Task to carry out =>
Your answer must be the full listing below, repeated exactly, with no pictures in it.

Data extract =>
----
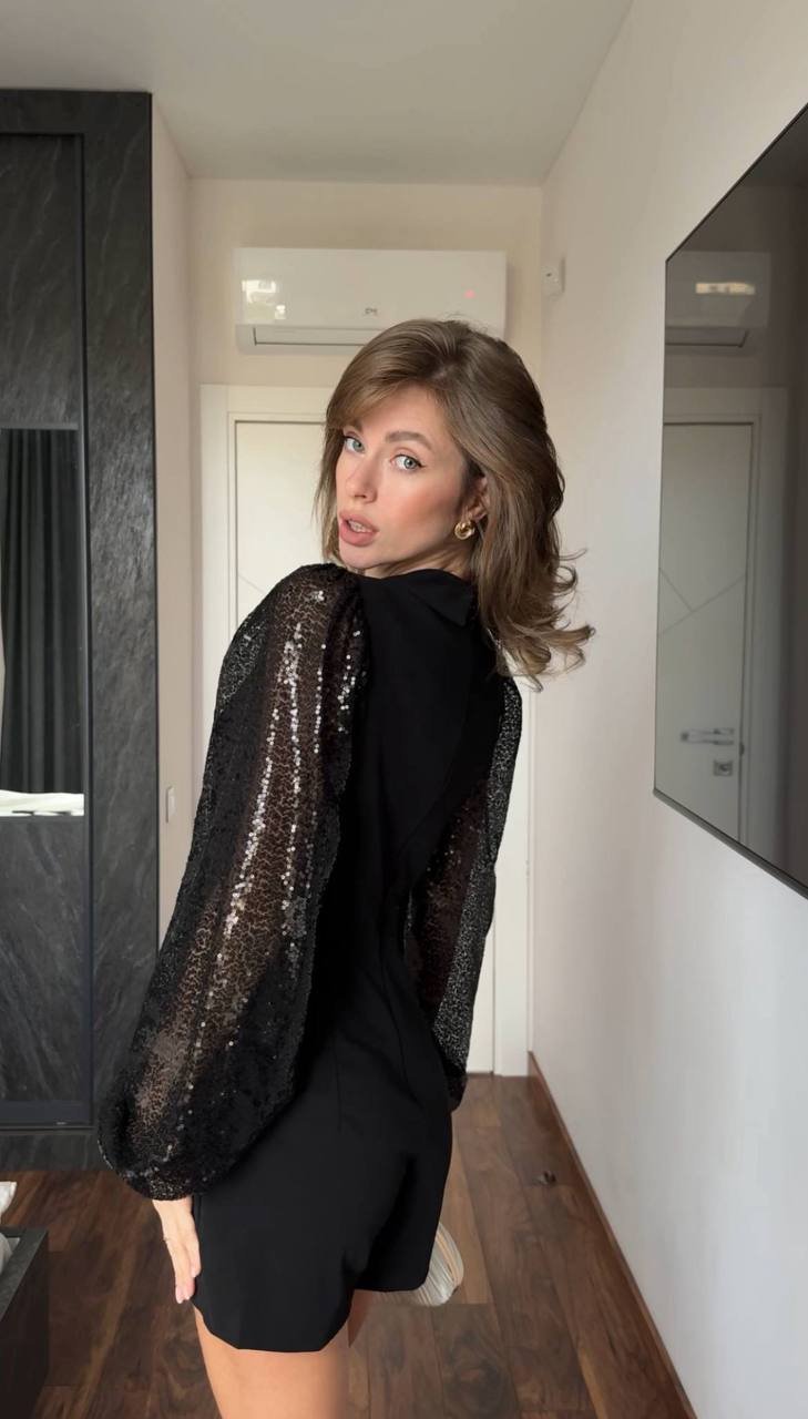 S/M: ilgis 77cm, krūtinė 44cm x 2, liemuo 33cm x 2, rankovės 64cm.
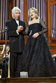 Оперные певцы Рене Флеминг (слева) и Дмитрий Хворостовский (справа) во время концерта в Большом зале консерватории.
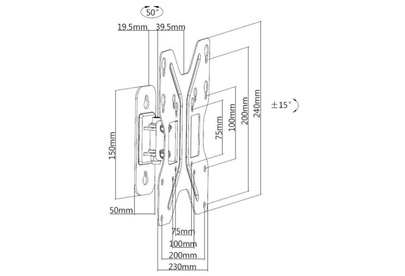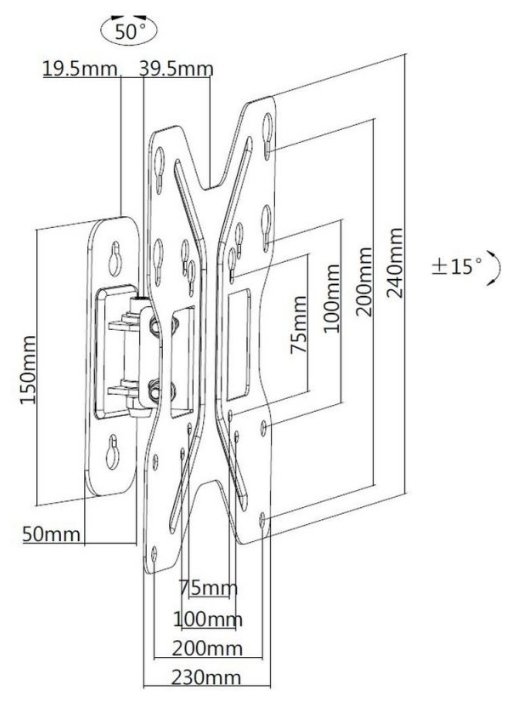 Для использования с телевизорами диагональю 23"-42", весом до 30кг. Возможен наклон до 12 градусов и подъем до 5 градусов Поворот влево и вправо на 25 градусов. Расстояние телевизора от стены 59мм. VESA 75x75, 100x100, 200x200.
----
Finished exercise =>
 S/M: ilgis 77cm, krūtinė 44cm x 2, liemuo 33cm x 2, rankovės 64cm.
 Оперные певцы Рене Флеминг (слева) и Дмитрий Хворостовский (справа) во время концерта в Большом зале консерватории.
 Для использования с телевизорами диагональю 23"-42", весом до 30кг. Возможен наклон до 12 градусов и подъем до 5 градусов Поворот влево и вправо на 25 градусов. Расстояние телевизора от стены 59мм. VESA 75x75, 100x100, 200x200.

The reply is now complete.